Next vision: the eyewear trends igniting present and future
At MIDO 2026, one trend stands out above all: eyewear is increasingly becoming a language.
No longer just an accessory that “completes” a look, it now tells stories of identity, taste and intention. The collections on display reveal a new balance between essential design and research, between heritage and contemporaneity, between the desire for authenticity and the drive to push boundaries through increasingly advanced materials and processes.
The trends emerging today move along three strong directions. Water Lights, with transparencies, lightness and lighting effects that transform colour. Magma, where material becomes intense, organic, almost primal, driven by advanced technologies. Carnet de Voyage, bringing urban atmospheres, archives, symbols and international inspirations into design. Completing the picture are sustainable materials (bio-acetates, recycled materials, lightweight metals), reinterpreted timeless shapes (pilot, cat-eye, panto, navigator), and sober yet sophisticated palettes—crystal, havana, natural tones, with bolder accents precisely calibrated.

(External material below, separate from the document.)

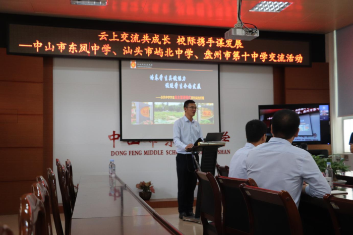 交流活動中,中山市東鳳中學劉喜全校長首先致辭。他強調了三校結對幫扶合作交流的重要意義,希望三??梢詫崿F(xiàn)共建共享、互助成長,構筑教育教學事業(yè)的同心圓。隨后,劉喜全校長、蔡偉洲校長、盤州市第十中學戴震副校長分別對本校的基本情況、師資生源等情況作了全面的介紹。

While MIDO powerfully showcases the eyewear of the present, the future is already on the agenda. With the LIVETREND talk on Spring Summer 2027 Eyewear Trends, the exhibition also becomes the place to start reading, in advance, the codes that will shape the next season, through the evolution of shapes, colours and materials. The starting assumption is clear: in a context marked by geopolitical, cultural and technological instability, consumers respond to anxiety by seeking identity-driven niches, rituals and new forms of aesthetic identification.
SS27 forecasts are articulated into four distinct macro-trends, each with its own visual and material universe.
Mare Noir interprets an uneasy yet sophisticated nostalgia—a desire to escape towards a past perceived as safer. The maritime theme generates a refined sense of estrangement: reimagined sailor uniforms, “modest” aesthetics, sharp black-and-white contrasts, and opaline, pinstriped, almost powdery structures. The palette moves through earthy tones, flesh hues and burgundy, while design plays with contrasts between colour and structure, blending nostalgia and futuristic tension through angles, cut-outs and clean geometries.
Urban Beach emerges from the hybridisation of everyday life and sport, portraying a fluid consumer who is both professional and athletic. It is the aesthetic of the office mood infused with leisure: tailoring combined with beachwear elements, visual irony, and a desire to break seasonal rules. Colours become more saturated and vibrant, with the return of neon, iridescent shades, compact volumes and bold transparencies. The play lies in the contrast between simple structures and maximalist details, between minimalism and decoration.
Primal Relics responds to the need for ritual and spiritual connection. It is a trend that looks to the exotic, the ancestral, the symbolic gesture. Palettes warm up with spice, mustard and ochre tones, while materials evoke primitive nature: fossil-like and marbled acetates combine with gold-toned metal structures, creating eyewear with an almost talismanic value—both sophisticated and archaic.
Summer Residence, finally, represents a desire for refuge and care. It is an intimate, domestic aesthetic, inspired by a slowed-down, private summer, far from ostentation. Shapes become light and reassuring, almost “barely there”, while materials favour soft-touch surfaces, milky acetates, delicate transparencies and discreet jewel-like details. It is a quiet luxury, made of visual comfort, diffused elegance and a sense of wellbeing, transforming eyewear into something to inhabit rather than to display.
In this dialogue between present and future, MIDO 2026 confirms itself as the place where the market meets forecasting: on one side, trends already consolidated in collections; on the other, emerging codes that will guide eyewear design in the seasons to come.